Supplied entries
--

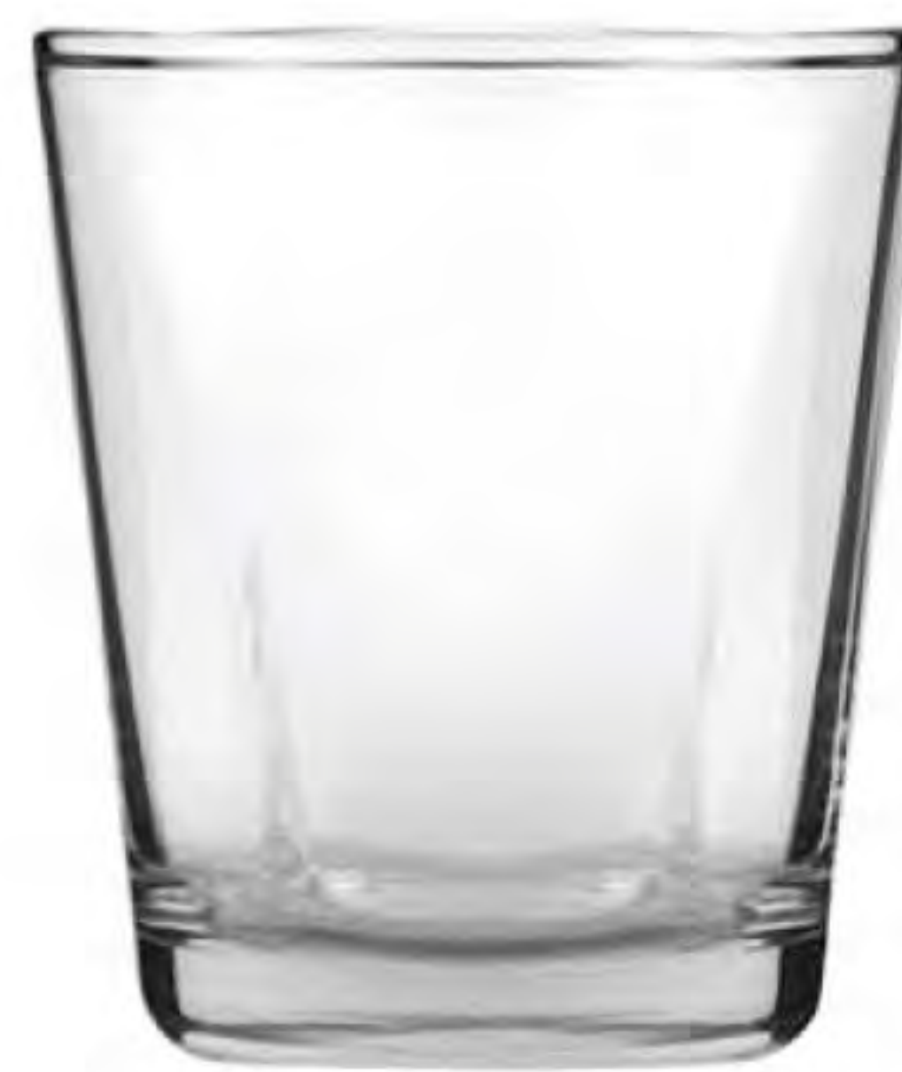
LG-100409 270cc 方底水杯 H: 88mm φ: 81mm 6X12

--

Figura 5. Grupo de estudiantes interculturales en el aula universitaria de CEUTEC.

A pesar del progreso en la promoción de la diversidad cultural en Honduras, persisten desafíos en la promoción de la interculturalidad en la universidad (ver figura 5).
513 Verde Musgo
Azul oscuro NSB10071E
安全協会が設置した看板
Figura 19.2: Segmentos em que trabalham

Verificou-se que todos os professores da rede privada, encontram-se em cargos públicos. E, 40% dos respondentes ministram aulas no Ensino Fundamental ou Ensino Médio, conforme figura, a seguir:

--

Task description
Could you return exactly the stretch of the data above that starts at the line with "安全協会が設置した看板" and ends at the line with "Verificou-se que todos", both lines included?

Response below
安全協会が設置した看板
Figura 19.2: Segmentos em que trabalham

Verificou-se que todos os professores da rede privada, encontram-se em cargos públicos. E, 40% dos respondentes ministram aulas no Ensino Fundamental ou Ensino Médio, conforme figura, a seguir:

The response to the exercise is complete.